ガマの油って動物性油脂?って偏見があったことを正直に告白しておこう。ワセリン主体の清潔で本当に効能のある塗り薬だ。この冬はずいぶん助けられた。匂いはハッカ油のおかげで爽快である。
つくば市筑波の筑波山神社の境内に「光譽(こうよ)上人五輪塔」がある。
神社の境内に高僧の供養塔があるとはどういうことか。前々回の「連歌、初作品の歌枕」でふれたように、もとは神仏習合の筑波両大権現だったのである。
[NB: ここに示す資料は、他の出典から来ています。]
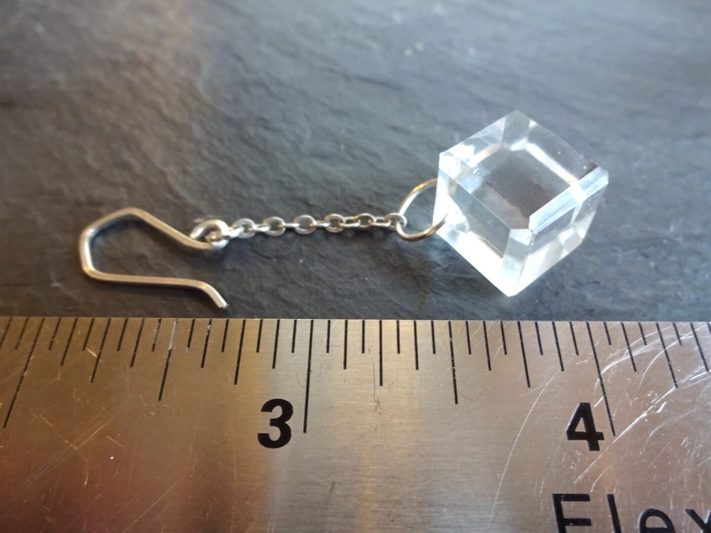 Here's a pair of dangle drop earrings using faceted crystal glass 1/2" cube buttons and my unique silver filled square wire ear wires. These sparkly buttons were earrings waiting to happen and while they are very well constructed, I went for a minimalist look to let the buttons shine! They are very eye-catching if I do say.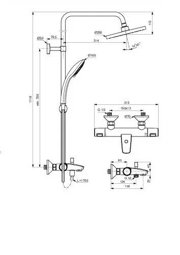 A7629AA CERATHERM T25 | Душевая система для ванны/душа 315x518.5x1116 mm, 158 mm проекция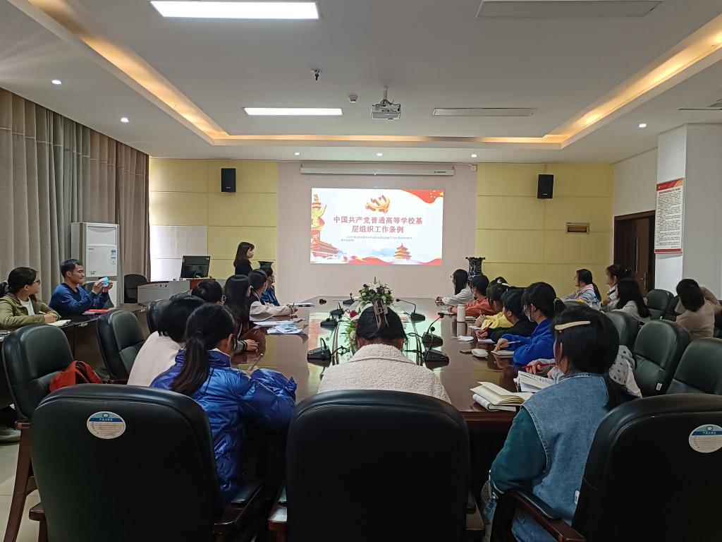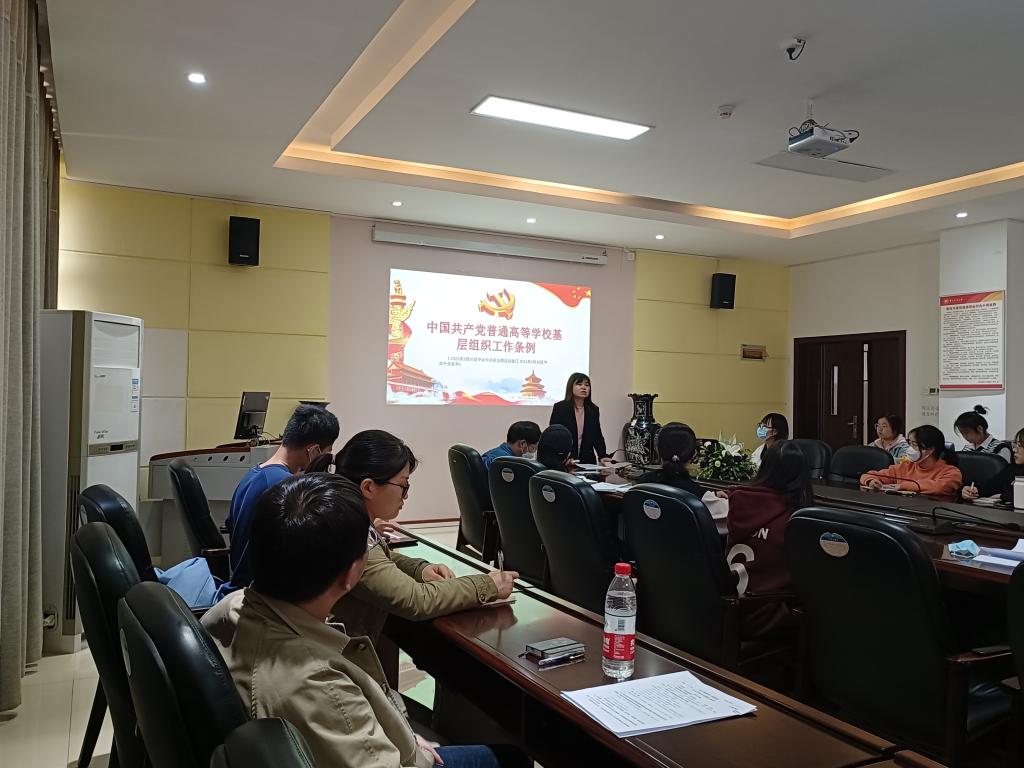 《中国共产党普通高等学校基层组织工作条例》内容包含总则、组织设置、主要职责等共十章。黄华宇结合学院党建工作实际情况对条例中的内容逐条进行解释说明,要求党支部书记和党务工作者要认真学习领悟条例内容,并在平时工作中遵照执行。

説明板を読んでみよう。
光譽上人は、慶長十六年(一六一一)大和長谷寺・梅心院より筑波山別当知足院に入山した。上人は、大阪冬の陣、夏の陣で徳川家康公の陣中祈祷や軟膏をもってけが人の手当てにあたった。この頃から上人の薬は「陣中膏がまの油」として筑波名物となった。上人の働きは家康公に認められ顗陣の後、常在府を命ぜられ、軍配を賜り(筑波山神社所蔵)、芝白金に護摩堂を建て江戸城奥向きの御祈祷にあたった。
顗陣は「凱陣」の誤りだ。光譽上人はガマの油の元祖となったお坊さまであった。というより、戦国の世が続き衰退してきた筑波山を再び繁栄に導いた中興の祖であった。幕府からも手厚い保護を受け大寺院としての構えが整備される。
五輪塔の傍らの蝦蟇が可愛らしく思える。おのが姿のあまりの醜さに驚きタラーリタラリと脂汗を流す、という蝦蟇とは思えないガマくんである。筑波山は江戸期に寺院的な性格が強くなったことで、維新に際して廃仏毀釈の嵐に巻き込まれることになった。ガマくんが健在でよかった。
今日のように「ガマの油」が土産物として有名になっているのは、老舗旅館「筑波山江戸屋」の9代目当主吉岡茂夫さんのおかげでもある。写真のガマの油も江戸屋さんの発売である。吉岡さんは口上とともに膏薬を普及させ、観光振興に大きく貢献した。光譽上人の再来のような立派な方である。
大坂夏の陣から今年で四百年となる。大坂の陣400年天下一祭が大阪で盛り上がっているようだ。これに合わせて、今回の記事をガマの油400周年のお祝いとして筑波山に奉納させていただくとしよう。